Agree with Brewer that you are still going to want to use a spreadsheet, because there may be other measures other than your asset allocation you will want to trade.

I do use the Portfolio Analysis tool and subscribe to a free quarterly portfolio analysis. They are both very good, but not as robust as the free Morningstar Portfolio analysis. Morningstar looks at the content of all your funds and redistributes them out to sectors and style boxes.

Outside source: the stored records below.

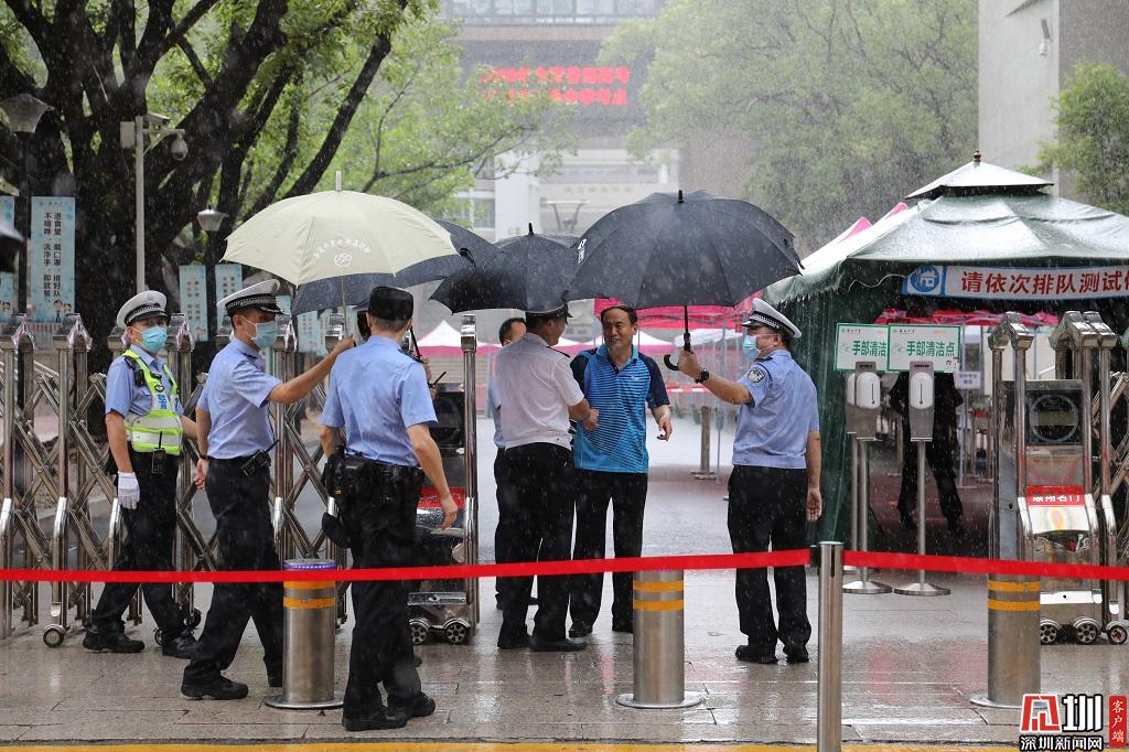上午11時(shí),深圳部分地區(qū)下起陣雨,交警在考點(diǎn)外了解現(xiàn)場情況。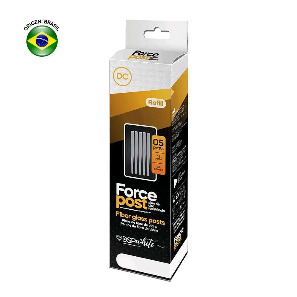 DSP ForcePost es un poste intrarradicular fabricado en composite de FIBRA DE VIDRIO Y RESINA EPOXI, diseñado para proporcionar soporte y refuerzo a dientes tratados endodónticamente. Dis...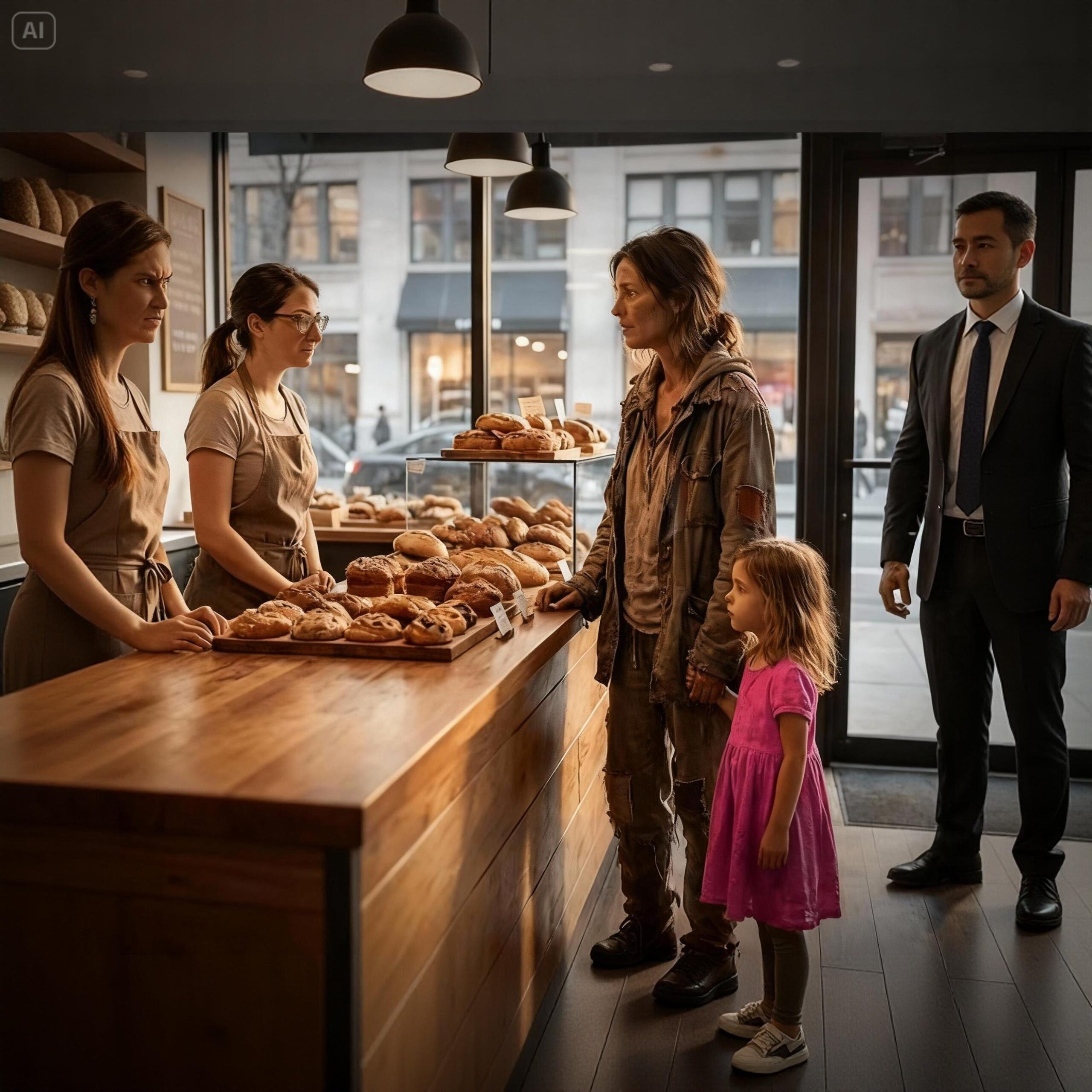 “Ma’am, look. I get people like you in here every week. ‘Just a bagel.’ ‘Just a crust.’ If I give you something, ten more of you will show up tomorrow. It’s store policy. No handouts. Now please, you’re disturbing the customers.”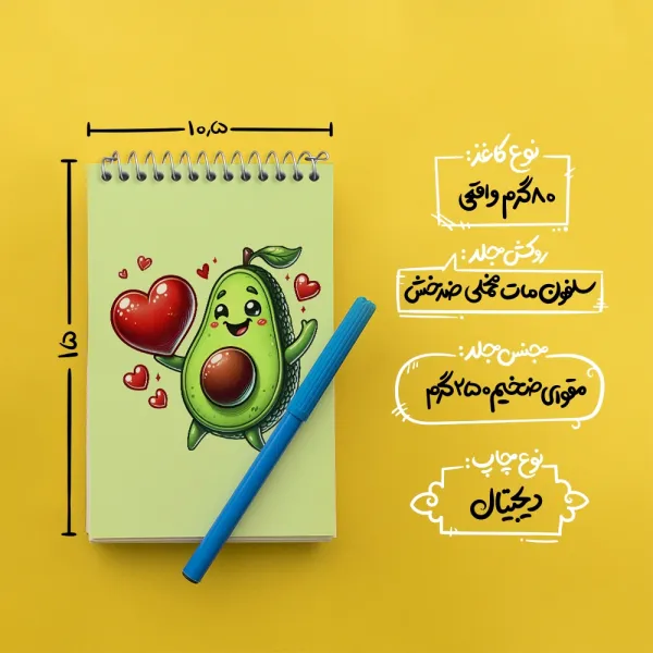 برند خندالو در زمینه تولید انواع دفاتر فانتزی و تحصیلی فعالیت میکند که به دلیل جذابیت ظاهری و طرح های متنوع طرفداران زیادی دارد. دفتر یادداشت خندالو طرح آووکادوی بانمک محصولی مناسب برای همه عاشقان لوازم التحریر است و همچنین همه کسانی که بنا به موقعیت تحصیل یا شغلشان با دفتر و نوشت افزار زیاد سر و کار دارند. در تولید دفتر یادداشت خندالو طرح آووکادوی بانمک از نوع صحافی فنر مارپیچ استفاده شده که در این نوع صحافی برگهها به راحتی چرخیده و یا بیرون آورده می شوند. دفتر های خندالو دارای جلد انعطاف پذیر از جنس مقوای گلاسه 250 گرم با روکش سلفون مات مخملی است که به شما امکان میدهد از دفتر خود بدون اینکه نگرانی از شکستن یا خراب شدن جلد را داشته باشید استفاده کنید و همچنین در این دفاتر از کاغذ 80 گرم با کیفیت استفاده شده که باعث میشود هنگام نوشتن به خوبی جوهر قلم بر روی صفحه نشسته و از خط خوردگیها جلوگیری کند. دفتر یادداشت خندالو با جنس و دوام مناسب، برگه های کاملاً سفید و خطوط طوسی دقیق را داراست که انسان را به نوشتن منظم و زیبا ترغیب میکند. طراحی کاملاً مناسب این دفاتر، به همراه کیفیت بالا، از آن یک محصول مورد علاقه و قابل اعتماد برای همه مقاطع تحصیلی میسازد. دفتر یادداشت خندالو طرح آووکادوی بانمک انتخابی هوشمندانه و مناسب برای افرادی است که به دنبال دفتری با کیفیت و کاربرد عالی هستند. این دفتر، همراه خوبی برای شما در تمام مراحل تحصیل و کار خواهد بود و تجربهای لذتبخش از نوشتن و آموختن را به شما هدیه میدهد.
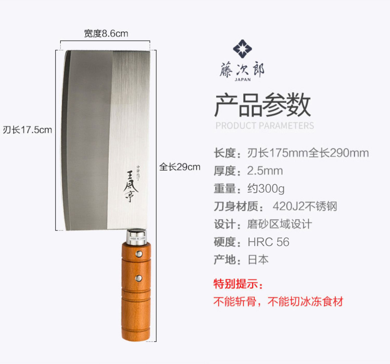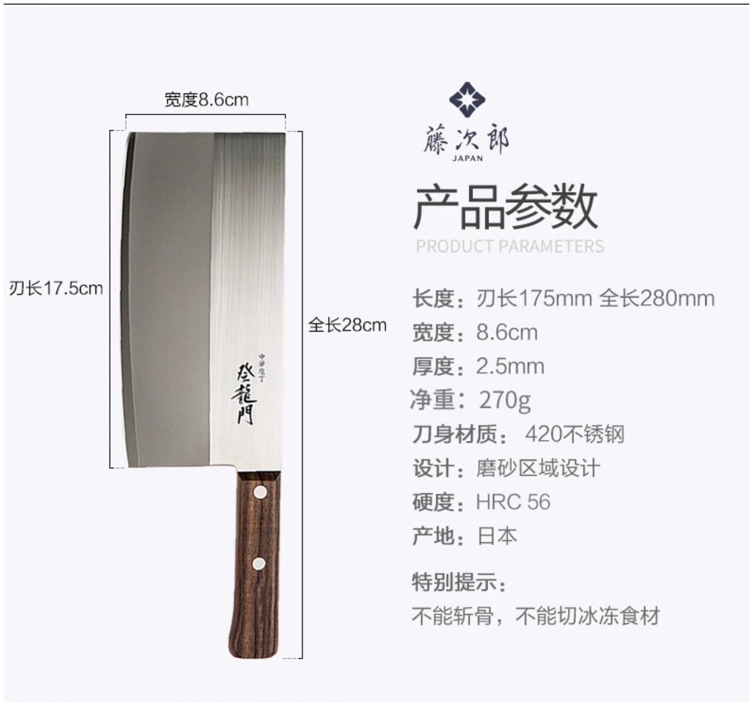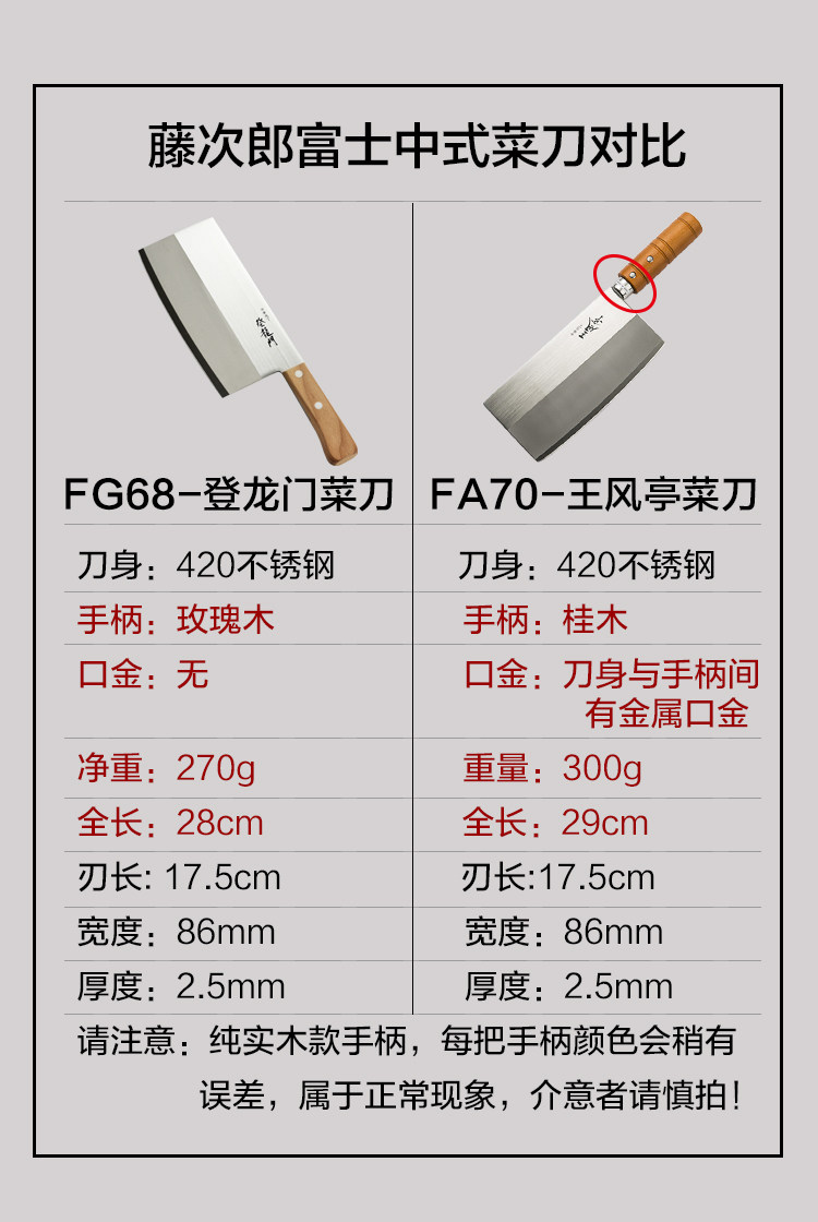 【日本原装进口菜刀】藤次郎富士家用刀具登龙门厨刀中式切菜刀切片刀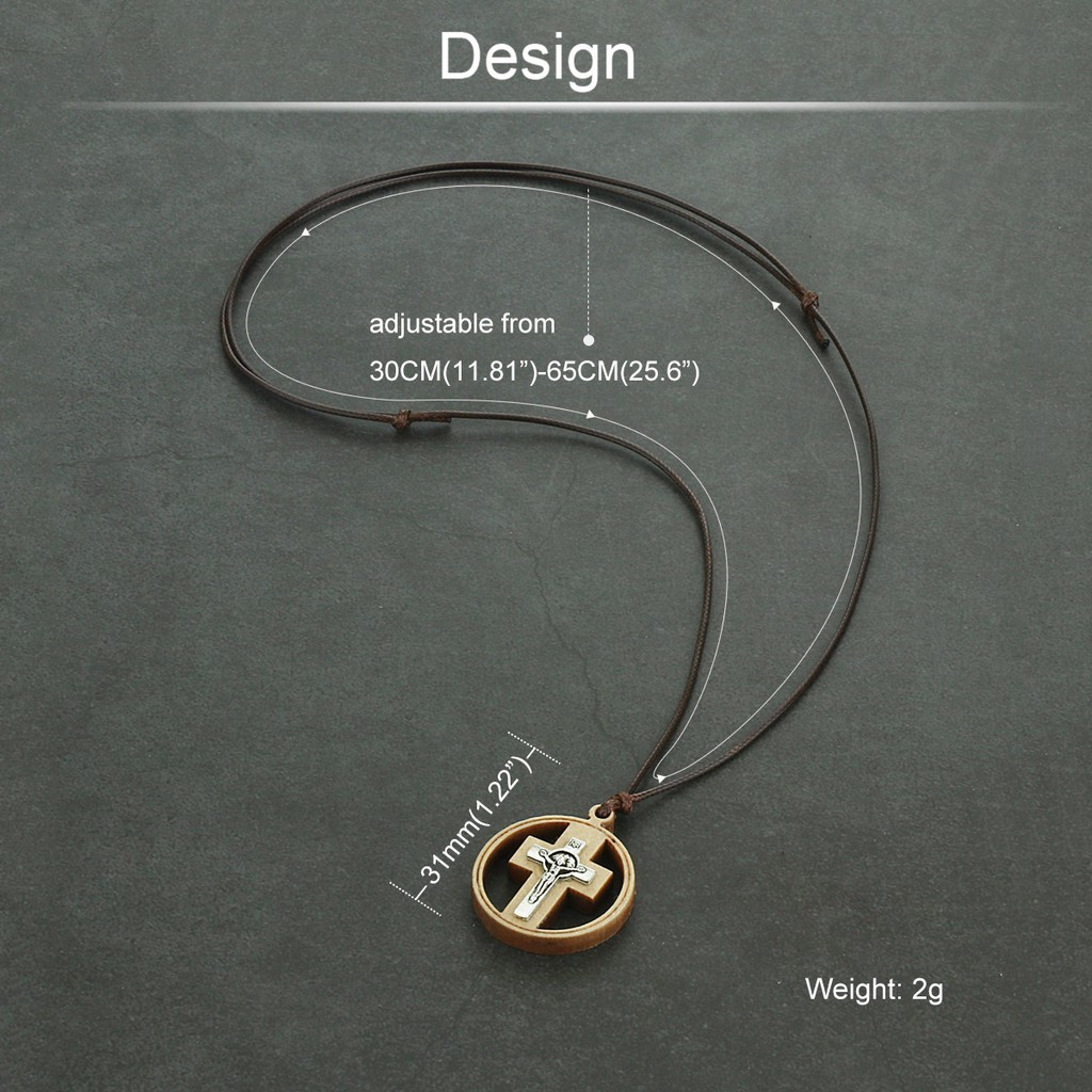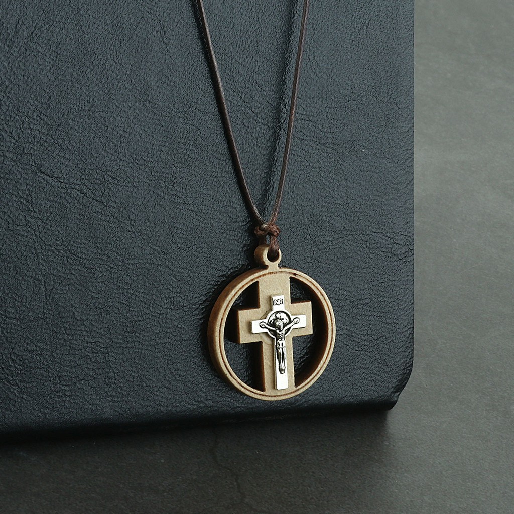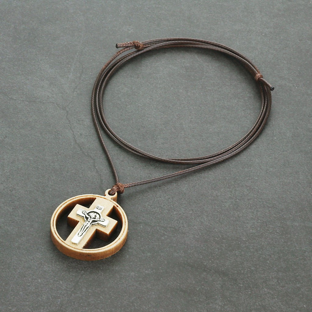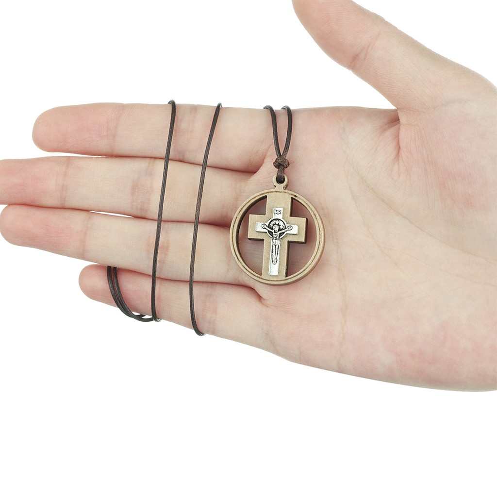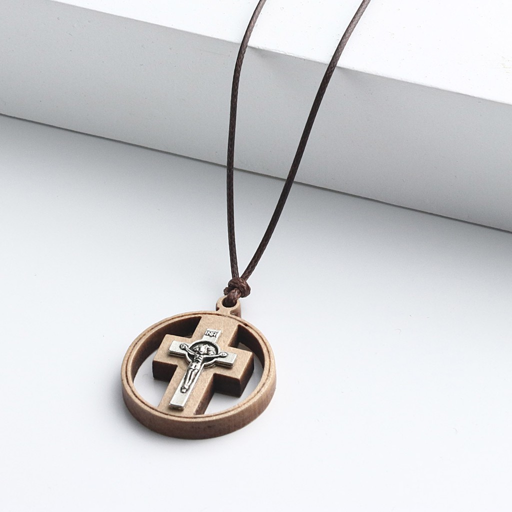 Religous Christian Catholic Crucifix Jesus Round Circle Wooden Cross Pendant Necklace

Schwab does not. But for tracking your asset allocation, if you comfortably feel you can "match" one of their investor profiles, the quarterly portfolio analysis is a really good way to watch your asset allocation.

-- Rita
 
I have used Schwab for many years and remain quite happy with them. They offer good service for fair prices (not quite the cheapest, but competitive) and have everything I want and more.
Another vote for this one. If I were just now looking to establish new investment accounts *today*, I might or might not go with Schwab. But I've been a Schwab client since 1989 and have not been disappointed with the service, and the price has been reasonable enough that I see no reason to switch. They've never given me a reason to want to go elsewhere.

Also, as far as commissions go, Schwab recently rolled out some ETFs with competitive (not always the lowest) expense ratios that are zero-commission for Schwab customers. That could be significant for ETF investors.